Early organ-specific mitochondrial dysfunction of jejunum and lung found in rats with experimental acute pancreatitis

Abstract

Introduction: Multiple organ dysfunction is the main cause of death in severe acute pancreatitis. Primary mitochondrial dysfunction plays a central role in the development and progression of organ failure in critical illness. The present study investigated mitochondrial function in seven tissues during early experimental acute pancreatitis.

Methods: Twenty-eight male Wistar rats (463 ± 2 g; mean ± SEM) were studied. Group 1 (n= 8), saline control; Group 2 (n= 6), caerulein-induced mild acute pancreatitis; Group 3 (n= 7) sham surgical controls; and Group 4 (n= 7), taurocholate-induced severe acute pancreatitis. Animals were euthanased at 6 h from the induction of acute pancreatitis and mitochondrial function was assessed in the heart, lung, liver, kidney, pancreas, duodenum and jejunum by mitochondrial respirometry.

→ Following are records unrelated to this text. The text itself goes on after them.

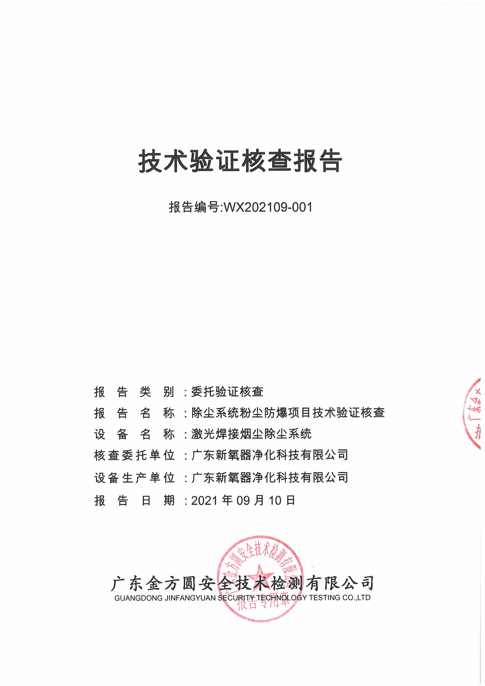 2021年验证通过并获得金属粉尘防爆验证核查报告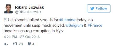 "Дипломаты ЕС обсудили визовую либерализацию для Украины. Никакого прогресса не будет до решения вопроса с механизмом приостановления. В Бельгии и Франции возникли вопросы по поводу борьбы с коррупцией в Киеве" - написал Йозвяк в своем Twitter.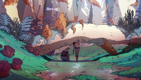 In writing class, they teach about the di erent kinds of con icts a story can center around. Person vs. person is the most common, but there’s also person vs. self, person vs. fate, and person vs. society. Person vs. nature (formerly known as “man vs. nature”) is not nearly as common as it was a hundred years ago, back in the days of frontier and jungle adventure magazines. at’s one of the reasons the sci- animated series Scavengers Reign is so refreshing. Its take on the classic story of a shipwrecked crew struggling to survive in a hostile wilderness is simple at rst, but becomes more fascinating as complexities emerge. In fact, “emerging complexity” is one of the overarching themes of the 12-episode story. Creators Joseph Bennett and Charles Huettner are fascinated with the interplay of life-forms, both cooperation and con ict, which create a functioning ecosystem. e world they have created is unlike anything you’ve seen.

Results: Significant early mitochondrial dysfunction was present in the pancreas, lung and jejunum in both models of acute pancreatitis, however, the Heart, liver, kidney and duodenal mitochondria were unaffected.

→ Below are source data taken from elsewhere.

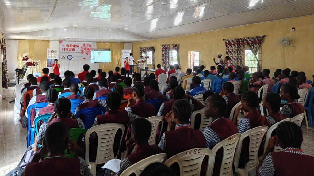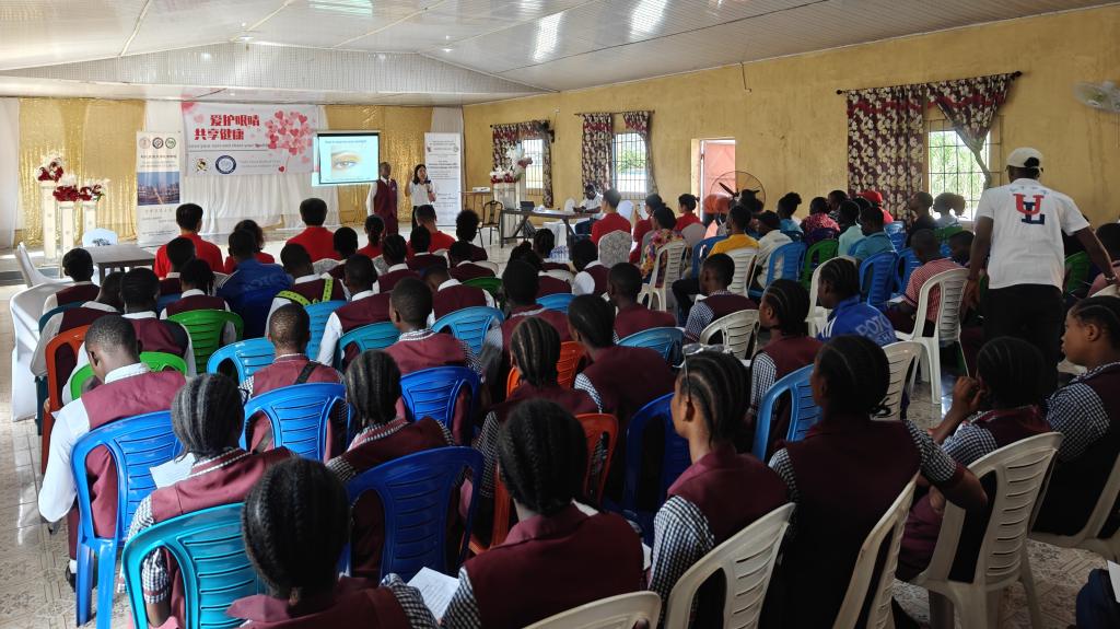接着,援利医疗队翻译余丽莉老师与袁婧玮医生为师生们带来了专业的中医护眼讲座及动作演示。于老师详细讲解了中国特色传统医学爱眼护眼健康知识和护眼方法;袁医生则向师生们展示了眼保健操的正确做法。师生们听得津津有味,纷纷表示要将这些中医护眼知识应用到日常生活中,医疗队还为师生们发放了眼科常用药品。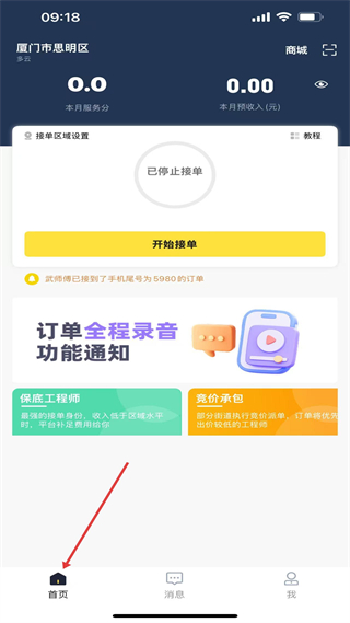 4、首頁顯示所在區域、本月服務分和預收入,可設置接單區域,有開始接單按鈕,還介紹訂單錄音功能和不同服務模式。
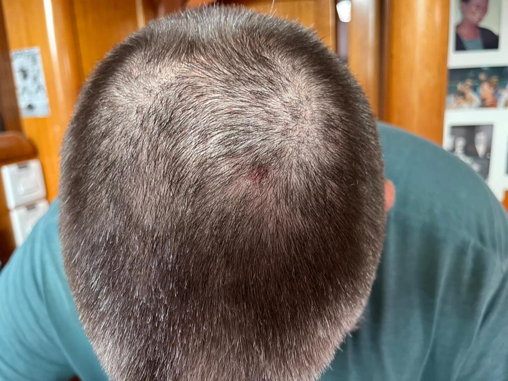 Ich erinnere mich, dass ich gestern dort gekratzt hatte. Wir beobachten die Stelle die nächsten Tage und der Fleck verschwindet fast völlig, nachdem ich ein medizinisches Shampoo verwendet habe.

Conclusions: The present study provides the first description of early organ-selective mitochondrial dysfunction in the lung and jejunum during acute pancreatitis. Research is now needed to identify the underlying pathophysiology behind the organ selective mitochondrial dysfunction, and the potential benefits of early mitochondrial-specific therapies in acute pancreatitis.

Figure 1

Representative trace generated by the OROBOROS® Oxygraph 2 K. Solid line represents mitochondrial respiration (left y-axis) and the dotted line represents the oxygen concentration (right y-axis). LEAK: state 2 respiration with glutamate and malate. OXP-I: oxidative phosphorylation with Complex I substrates (state 3 respiration) with the addition of adenosine diphosphate (ADP). OXP-I,II: state 3 respiration with succinate a Complex II substrate. ETS-I,II: uncoupled respiration with addition of carbonylcyanide-4-(trifluoromethoxy)-phenylhydrazone (FCCP). ETS-I,II: addition of rotenone. CCO: addition of tetramethyl-p-phenylenediamine (TMPD)/ascorbate. CCOc addition of cytochrome C. Cyto C: cytochrome C. Ant A: antimycin A. Concomitant oxygen concentration (nmol/ml) is shown on the right y-axis

Figure 2

A summary of the effects of caerulein pancreatitis, sham surgery and taurocholate pancreatitis on the various respiratory chain complexes. For definitions of LEAK-I through to CCOc see legend for Figure 1. ‘-’ represents inhibition of the complex. Letters ‘a’, ‘b’ and ‘c’ represent significant inhibition of the complex whereby a: caerulein pancreatitis vs. saline control; b: sham surgery vs. saline control; c: taurocholate pancreatitis vs. sham surgery.